Einen alten Hut aus den Siebzigern hat die Band aber ebenso auf der Pfanne: "When I’m Dead And Gone". Bei der Eintagsfliege der englischen Folkbarden McGuinness Flint kommt Leben in die Bude. Wingenfelder peppt das Cover auf. Er legt einen stampfenden Rhythmus drunter, der selbst hartgesottenen Heavyrockern eine anerkennende "Pommesgabel" abringen dürfte. Zusammen mit "Time To Wonder" der wohl mitreißendste Moment des Konzerts.
Für die Brüder Wingenfelder, Gitarrist Christof Stein-Schneider, Drummer Rainer Schumann, Keyboarder Gero Drnek sowie Bassmann Christian Decker hat es trotz ihrer Mitsing-Mucke nie in die Top Ten der Single-Charts gereicht. Das scheint den Jüngern piepe, um im norddeutschen Jargon zu bleiben. Sie kaufen fleißig die Longplayer wie "Hope" von 2023 und huldigen so einer Formation, die ihre wahre Stärke auf der Bühne hat, kumpelhaft geblieben ist und kurz vor dem Auftritt einen Bierbank-Plausch mit den Helfern vom Roten Kreuz einlegt.

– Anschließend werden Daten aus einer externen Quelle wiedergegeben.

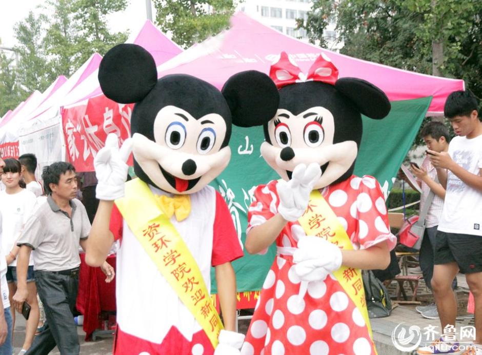 图为学院在迎新中打起“动漫”牌,学长装扮米奇米妮志愿者迎新。 图片来源:齐鲁网
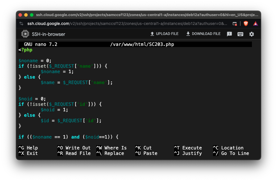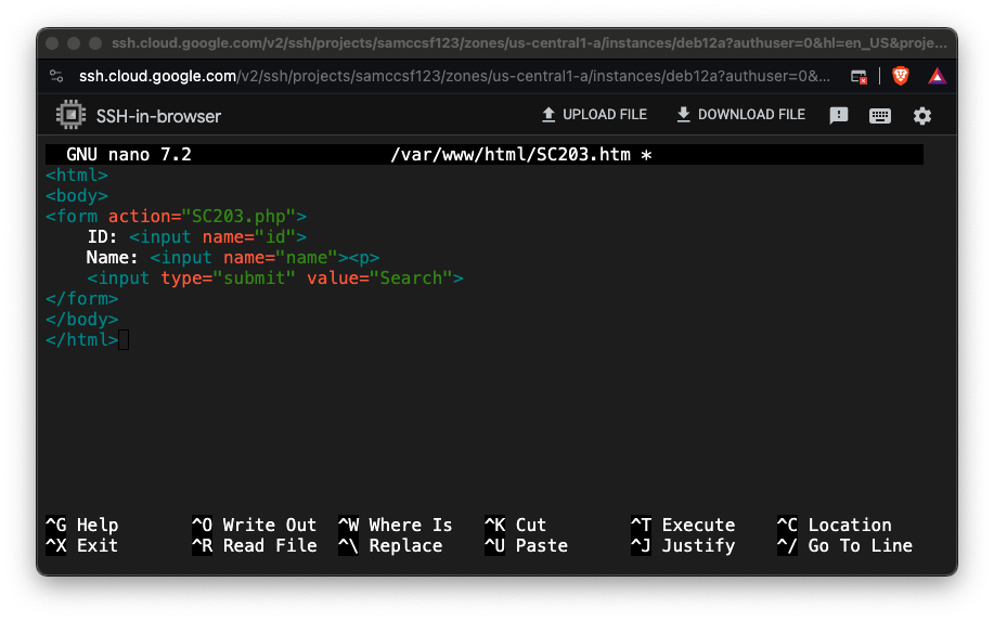 http://35.222.29.122/SC203.htmEnter this ID into the form:

Jau, erzählen tun sie wirklich gern die Flachlandtiroler. Lockere Sprüche zwischen den Titel, sogar über das runde Leder: "Mannheim hat ja auch einen Fußballverein – gibt’s den eigentlich noch? Das kennen wir in Hannover", frotzelt der Boss. Spätestens in diesem Moment ist klar: Diese Typen muss man einfach mögen – selbst wenn man ihre Musik nur als Fußnote der Popgeschichte einordnet.